10. EARHART WAS THE FIRST WOMAN TO GET A PILOT'S LICENSE FROM THE NATIONAL AERONAUTIC ASSOCIATION (NAA).

That was in 1923, when pilots and aircrafts weren't legally required to be licensed. Earhart was the sixteenth woman to get licensed by the Fédération Aéronautique Internationale (FAI), which was required to set flight records. Still, the FAI didn't maintain women's records until 1928.

11. SHE ACCOMPLISHED A LOT OF "FIRSTS."

Earhart eventually became the first woman to fly across the Atlantic as a passenger (1928) and then solo (1932) and nonstop from coast to coast (1932) as a pilot. She also set records, period: Earhart was the first person to ever fly solo from Honolulu to Oakland, Los Angeles to Mexico City, and Mexico City to Newark, all in 1935.

What do John Glenn, George H.W. Bush, and Amelia Earhart have in common? They all earned an Air Force Distinguished Flying Cross. But only Earhart was the first woman—and one of few civilians—to do so.

12. SHE WAS ONE OF THE FIRST CELEBRITIES TO LAUNCH A CLOTHING LINE.

Amelia Earhart Fashions were affordable separates sold exclusively at Macy's and Marshall Field's. The line's dresses, blouses, pants, suits, and hats were made of cotton and parachute silk and featured aviation-inspired details, like propeller-shaped buttons. Earhart studied sewing as a girl and actually made her own samples.

13. THE U.S. GOVERNMENT SPENT $4 MILLION SEARCH FOR EARHART.

At the time, it was the most expensive air and sea search in history. Earhart's plane disappeared July 2, 1937. The official search ended a little over two weeks later on July 19. Putnam then financed a private search, chartering boats to the Phoenix Islands, Christmas Island, Fanning Island, the Gilbert Islands, and the Marshall Islands.

14. THE SEARCH ISN'T OVER.

There are several theories about what happened to Earhart's plane during her last flight. Most people believe she ran out of fuel and crashed into the Pacific Ocean. Others believe she landed on an island and died of thirst, starvation, injury, or at the hands of Japanese soldiers in Saipan. In 1970, one man even claimed that Earhart was alive and well and living a secret life in New Jersey.

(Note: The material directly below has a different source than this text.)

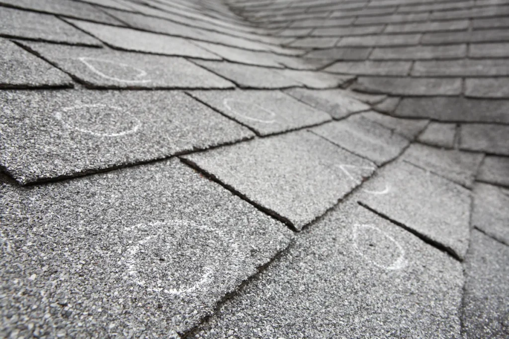- Damage to shingles, including cracks, bruises, and granule loss

The International Group for Historic Aircraft Recovery (TIGHAR) has explored the theory that Earhart and her navigator Fred Noonan lived as castaways before dying on Gardner Island, now called Nikumaroro, in the western Pacific. Over the years, they've found a few potential artifacts, including evidence of campfire sites, pieces of Plexiglas, and an empty jar of the brand of freckle cream that Earhart used.

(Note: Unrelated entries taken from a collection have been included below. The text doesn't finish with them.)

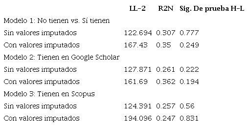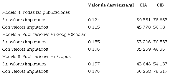 Se deben mencionar algunos patrones en el ajuste de los modelos mostrados en las Tablas 3 y 4. Utilizando valores imputados, los modelos con mejor ajuste, tanto en las regresiones logísticas como gamma, fueron los modelos 2 y 5 ( Google Scholar). Aquellos con peor ajuste fueron los modelos 3 y 6 ( Scopus). Entre los modelos con valores sin imputar no se halló esta relación. Esto se debe a los cambios introducidos por los valores de los casos añadidos. Sin embargo, en todos los casos se hablará solo de resultados con modelos con un ajuste óptimo.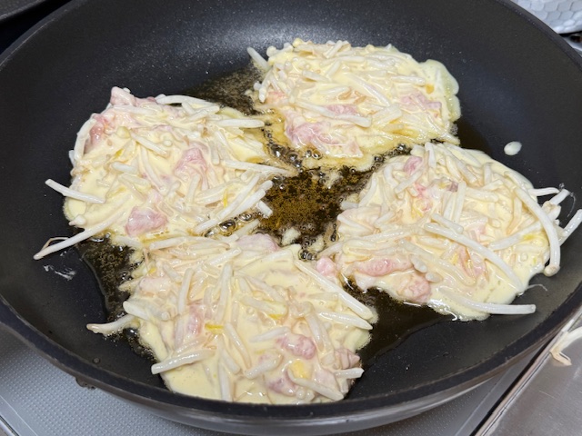 2.フライパンに油(大さじ1)を熱し、1の半量を円形にして4個入れたら、ふたをして両面焼く。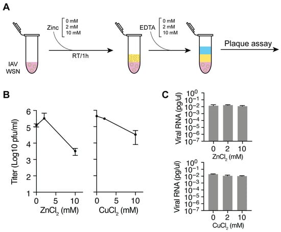 IAV is inactivated by zinc and copper ions. (A) Schematic of the experimental approach for inactivating IAV with zinc or copper ions and neutralization of the zinc or copper ions with EDTA. (B) IAV titers after exposure to zinc or copper chloride and neutralization with EDTA as measured on MDCK cells. (C) NA segment RT-qPCR analysis after exposure of IAV to zinc or copper chloride and neutralization with EDTA. Data points represent mean ± SD (n = 3).

In early July 2017, a photo surfaced that seemed to confirm the theory that Earhart and Noonan crashed and were captured by Japanese soldiers, but that photo was quickly debunked.

15. TODAY, ANOTHER AMELIA EARHART IS MAKING HISTORY.

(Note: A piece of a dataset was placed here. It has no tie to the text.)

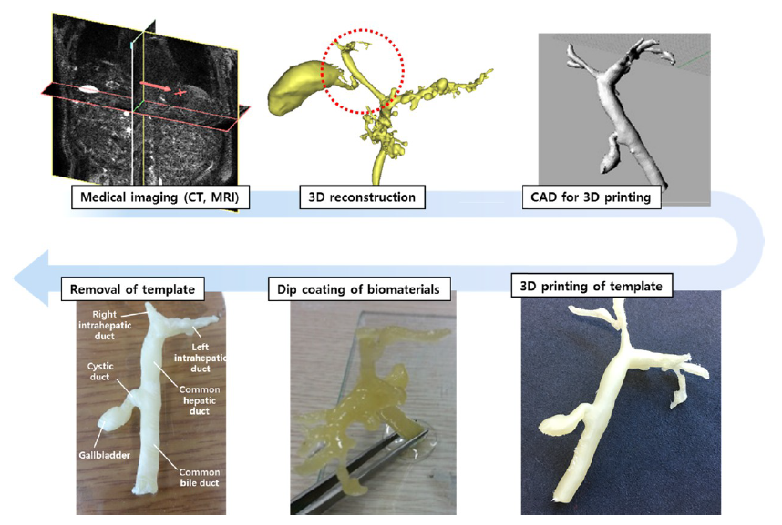 최동호 교수 연구팀은 3D 프린터를 사용해 문제를 해결했다. 의학용 3D프린터로 모형을 제작한 후, 담도 세포를 만들 수 있는 줄기세포를 모형에서 배양해 뒤덮게 만든다. 그 후 모형을 제거하면 만들고자 한 형태의 담도가 제작된다. 최 교수 연구팀은 토끼의 담도를 제작해 이식하는 실험을 통해 만들어진 담도의 활용성을 확인했다. 최 교수는 “이제 담도에 문제가 생겼을 때 새로이 이식 할 수 있게 됐다”며 이번 연구의 의의를 밝혔다.

In 2014, another pilot named Amelia Earhart took to the skies to set a world record. The then-31-year-old California native became the youngest woman to fly 24,300 miles around the world in a single-engine plane. Her namesake never completed the journey, but the younger Earhart landed safely in Oakland on July 11, 2014. We think "Lady Lindy" would be proud.